Scottish naval officer

Vice-Admiral Philip Howard Colomb (29 May 1831 – 13 October 1899). Born in Knockbrex, near Gatehouse of Fleet, Dumfries and Galloway, Scotland, he was a Royal Navy officer, historian, critic and inventor. He was the son of General George Thomas Colomb (1787–1874). His younger brother Sir John Colomb was also a soldier and strategist of the Royal Navy.

==Naval career==
Colomb entered the navy in 1846, and served first at sea off Portugal in 1847; afterwards, in 1848, in the Mediterranean Sea, and from 1848 to 1851 as midshipman of the in operations against piracy in Chinese waters; as midshipman and shipmate of the Serpent during the Burmese War of 1852–53; as mate of the Phoenix in the Arctic Expedition of 1854; as lieutenant of the Hastings in the Baltic Sea during the Crimean War, taking part in the attack on Sveaborg.

He became what was known at that time as a gunner's lieutenant in 1857, and from 1859 to 1863 he served as flag-lieutenant to Rear-Admiral Sir Thomas Pasley at Devonport. Between 1858 and 1868 Colomb was employed in home waters on a variety of special services, chiefly connected with gunnery, signalling and the tactical characteristics and capacities of steam warships. From 1868 to 1870 he commanded in the Persian Gulf region and was engaged in the suppression of the slave trade, particularly around Zanzibar and Oman. His book Slave-catching in the Indian Ocean: A record of naval experiences was published by Longmans in London in 1873, an interesting and informative account, one distinguished by a studied moderation.
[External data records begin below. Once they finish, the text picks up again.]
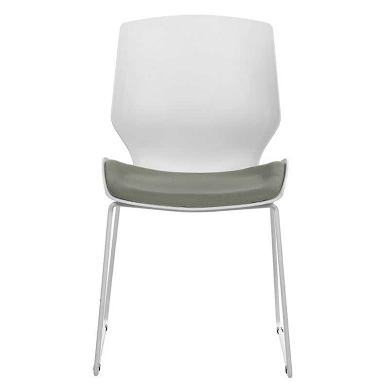 *Уникален квадратен гръб и седалка от полипропилен (100% рециклируем материал) с висока устойчивост на износване. Дизайнът на седалката поддържа гръбнака и кръста, предлага се в бял цвят.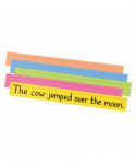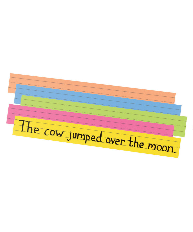 Sturdy tagboard stock has a 1-1/2" ruling with 3/4" dotted midline on one side and a single line ruled on the opposite side. These strips measure 3" x 24". Assorted colors include: Hot Orange, Hot Blue, Hot Lime, Hot Pink and Hot Yellow. Recyclable. Each film-wrapped pack includes 100 sentence strips.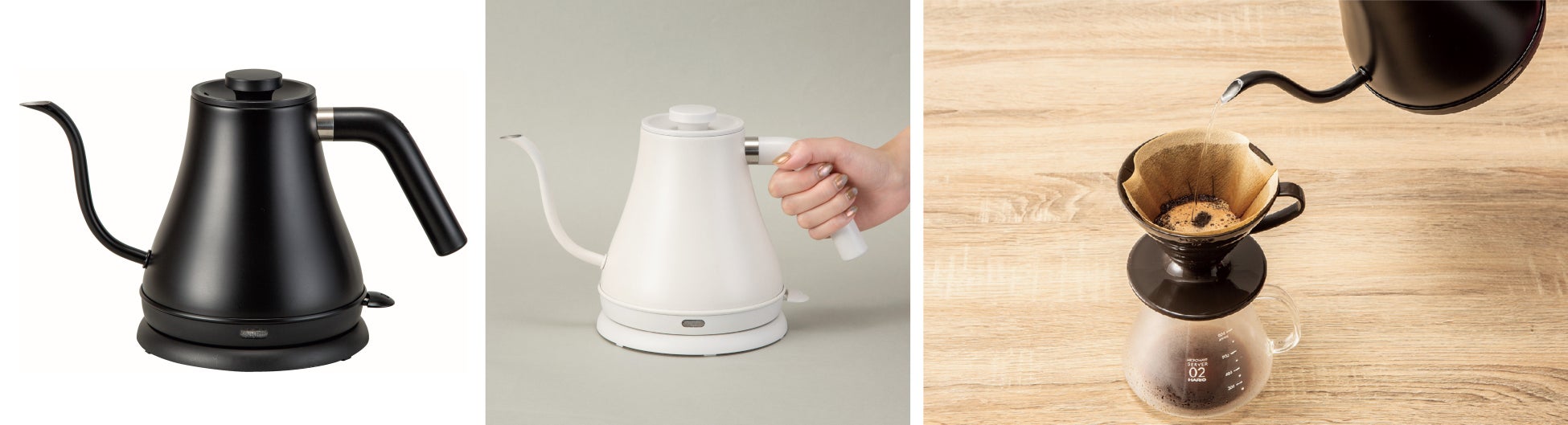 ラインアップは電気ドリップケトル、温度調整式電気ケトル、スチームオーブントースターで、シンプルながら使い勝手の良いキッチン家電を揃えました。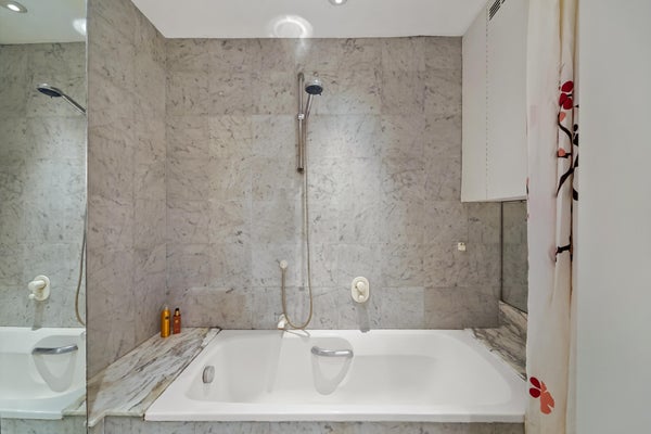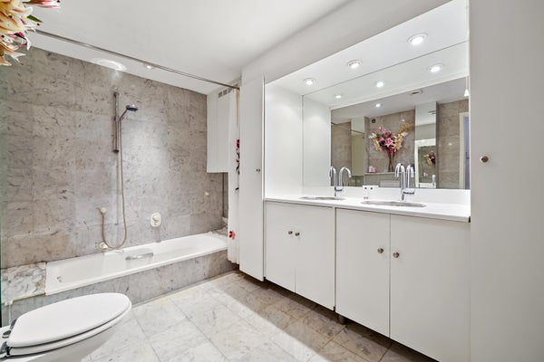 Ligbad, dubbele wastafel, toilet, wastafelmeubel

In 1874, while captain of , he served for three years as flag-captain to Vice-Admiral Ryder in China; and finally he was appointed, in 1880, to command in the Mediterranean. The next year he was appointed captain of the steam reserve at Portsmouth. After serving three years in that capacity, he remained at Portsmouth as flag-captain to the commander-in-chief until 1886, when he was retired by superannuation before he had attained flag rank. Subsequently, he became rear-admiral, and finally vice-admiral on the retired list.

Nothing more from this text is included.